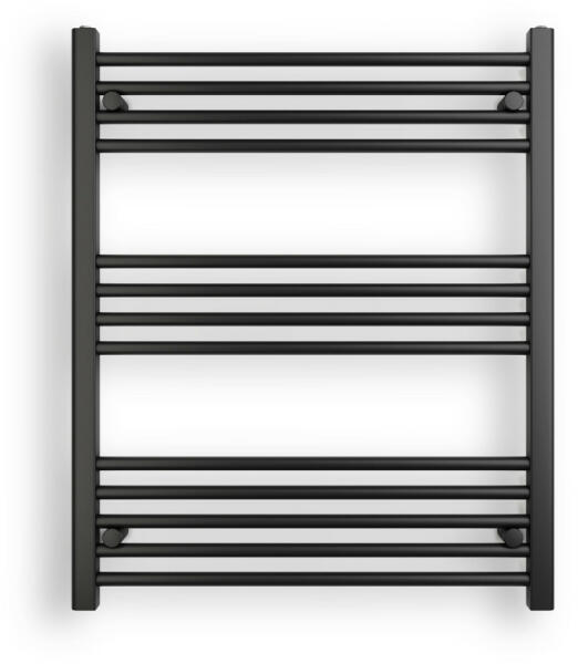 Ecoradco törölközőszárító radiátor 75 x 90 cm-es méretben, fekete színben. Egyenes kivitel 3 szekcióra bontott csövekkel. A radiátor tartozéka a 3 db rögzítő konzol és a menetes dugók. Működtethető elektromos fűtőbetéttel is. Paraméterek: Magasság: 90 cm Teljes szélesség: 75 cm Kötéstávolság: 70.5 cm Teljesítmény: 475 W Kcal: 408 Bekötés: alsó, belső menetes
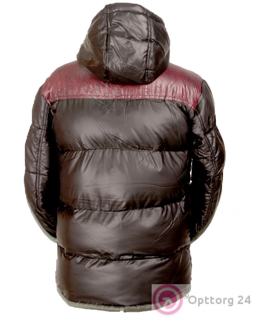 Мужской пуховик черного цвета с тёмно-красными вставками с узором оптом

--

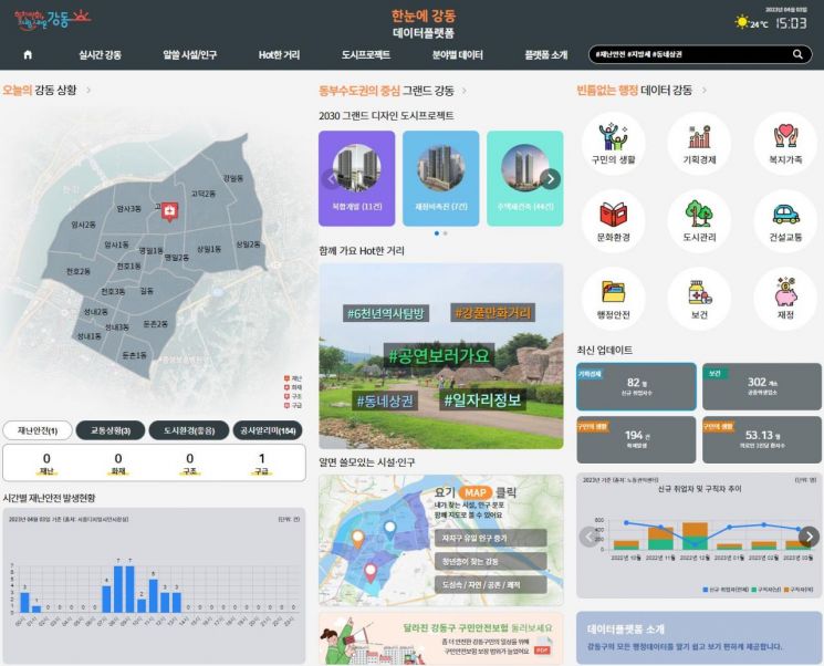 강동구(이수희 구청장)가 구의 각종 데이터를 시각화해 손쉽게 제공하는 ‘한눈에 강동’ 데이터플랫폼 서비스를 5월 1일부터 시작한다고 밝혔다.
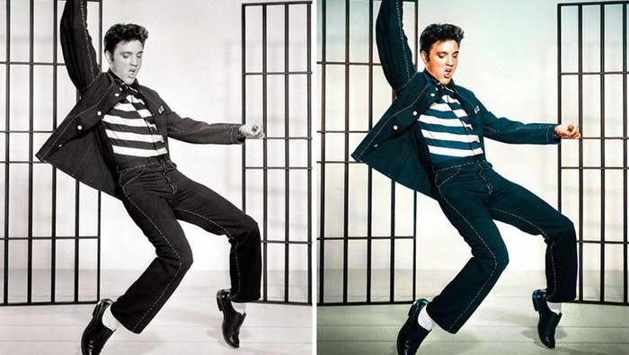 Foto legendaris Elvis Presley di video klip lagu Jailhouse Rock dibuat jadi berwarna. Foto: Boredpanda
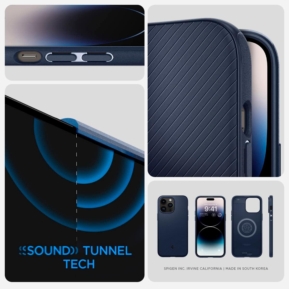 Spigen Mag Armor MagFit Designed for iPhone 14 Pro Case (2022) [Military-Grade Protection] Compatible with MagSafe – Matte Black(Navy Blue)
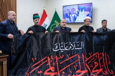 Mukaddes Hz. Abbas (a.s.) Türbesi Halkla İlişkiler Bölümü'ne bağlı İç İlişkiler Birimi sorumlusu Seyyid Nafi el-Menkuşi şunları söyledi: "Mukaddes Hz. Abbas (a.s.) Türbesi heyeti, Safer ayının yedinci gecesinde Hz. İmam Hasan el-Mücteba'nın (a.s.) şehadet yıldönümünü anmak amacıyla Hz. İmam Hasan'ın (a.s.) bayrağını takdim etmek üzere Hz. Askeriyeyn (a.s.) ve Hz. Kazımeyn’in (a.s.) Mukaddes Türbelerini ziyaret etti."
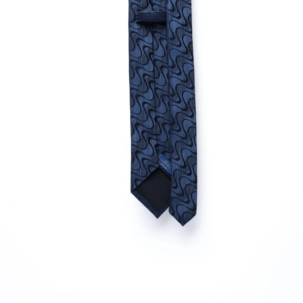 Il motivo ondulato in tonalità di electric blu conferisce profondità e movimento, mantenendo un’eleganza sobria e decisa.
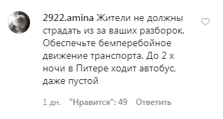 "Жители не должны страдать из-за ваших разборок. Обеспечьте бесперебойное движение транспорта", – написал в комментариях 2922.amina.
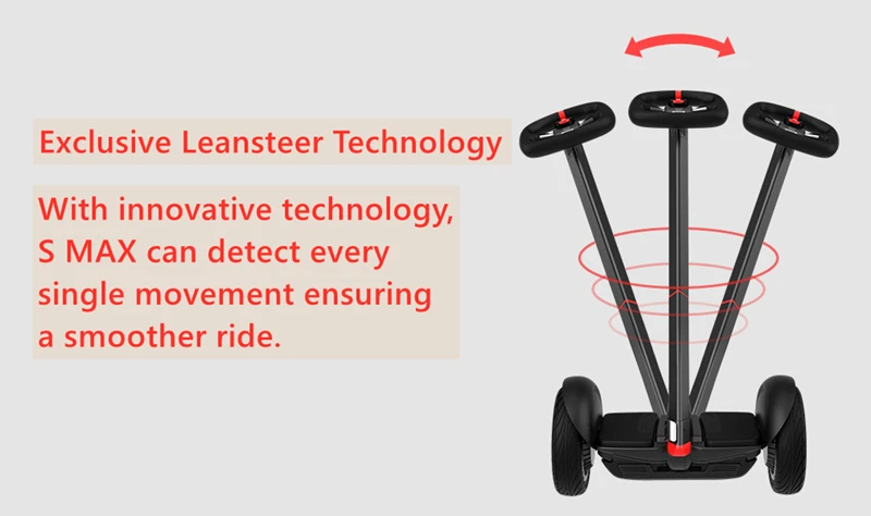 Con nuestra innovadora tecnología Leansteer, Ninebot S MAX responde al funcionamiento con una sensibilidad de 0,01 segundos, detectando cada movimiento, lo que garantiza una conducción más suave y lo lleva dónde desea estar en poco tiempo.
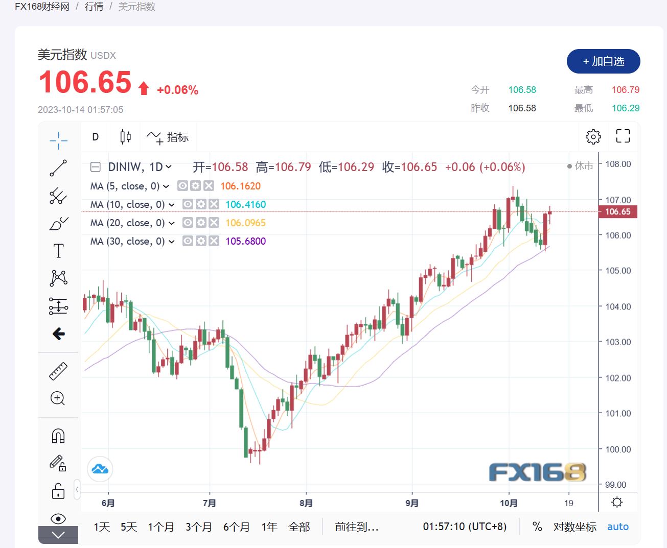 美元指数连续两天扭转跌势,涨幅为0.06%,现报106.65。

---

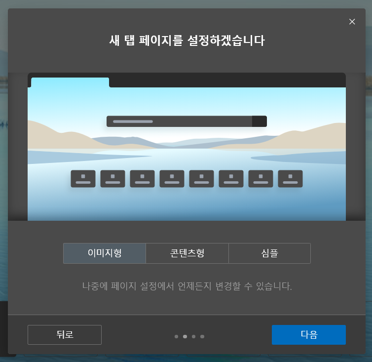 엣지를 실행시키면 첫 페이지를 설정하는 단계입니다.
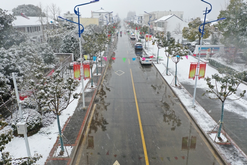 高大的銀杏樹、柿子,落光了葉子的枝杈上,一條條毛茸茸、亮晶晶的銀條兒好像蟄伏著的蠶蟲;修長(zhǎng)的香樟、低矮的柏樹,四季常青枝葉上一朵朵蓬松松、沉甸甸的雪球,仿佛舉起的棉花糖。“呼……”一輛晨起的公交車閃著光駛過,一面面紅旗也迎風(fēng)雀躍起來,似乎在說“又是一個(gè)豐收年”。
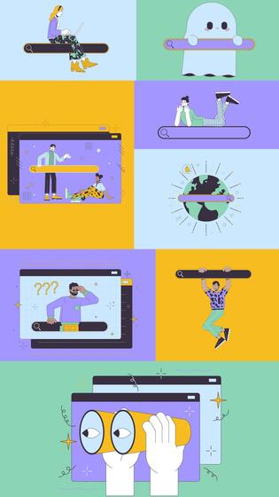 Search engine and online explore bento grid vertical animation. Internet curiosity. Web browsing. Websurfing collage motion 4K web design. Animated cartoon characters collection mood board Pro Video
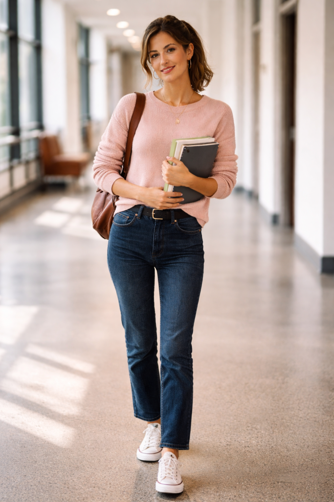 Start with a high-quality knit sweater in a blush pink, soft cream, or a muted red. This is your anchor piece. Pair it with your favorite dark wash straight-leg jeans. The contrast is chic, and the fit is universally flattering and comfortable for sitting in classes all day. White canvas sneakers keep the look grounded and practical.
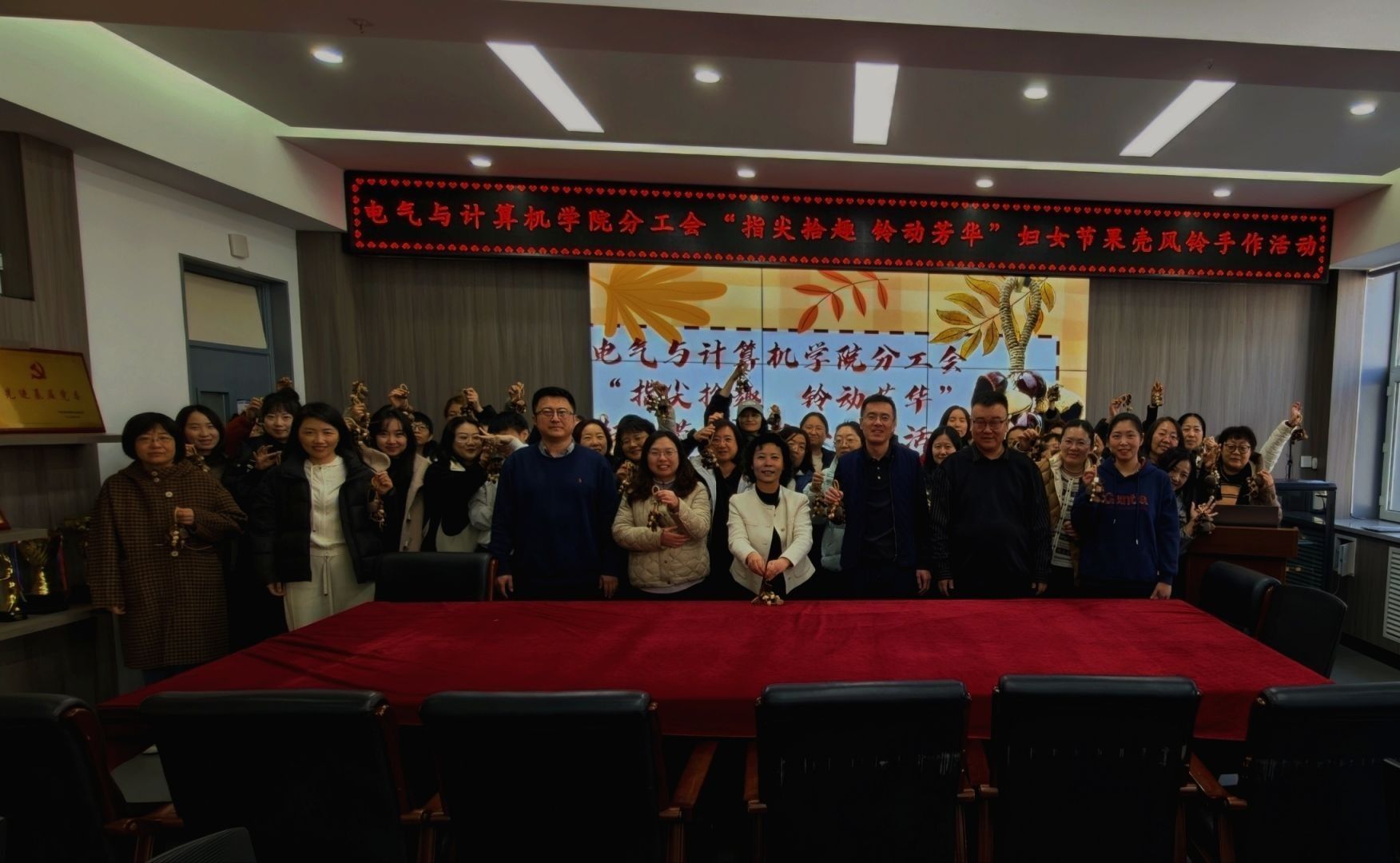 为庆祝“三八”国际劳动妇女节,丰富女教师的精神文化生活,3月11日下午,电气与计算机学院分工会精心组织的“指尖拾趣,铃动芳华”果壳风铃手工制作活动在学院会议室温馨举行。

▶ [Task objective] What are the lines above from the one with "Con nuestra innovadora" to the one with "美元指数连续两天扭转跌势,涨幅为0.06%,现报106.65。", both included? Reproduce them exactly, without pictures.

▶ [Written response]
 Con nuestra innovadora tecnología Leansteer, Ninebot S MAX responde al funcionamiento con una sensibilidad de 0,01 segundos, detectando cada movimiento, lo que garantiza una conducción más suave y lo lleva dónde desea estar en poco tiempo.
 美元指数连续两天扭转跌势,涨幅为0.06%,现报106.65。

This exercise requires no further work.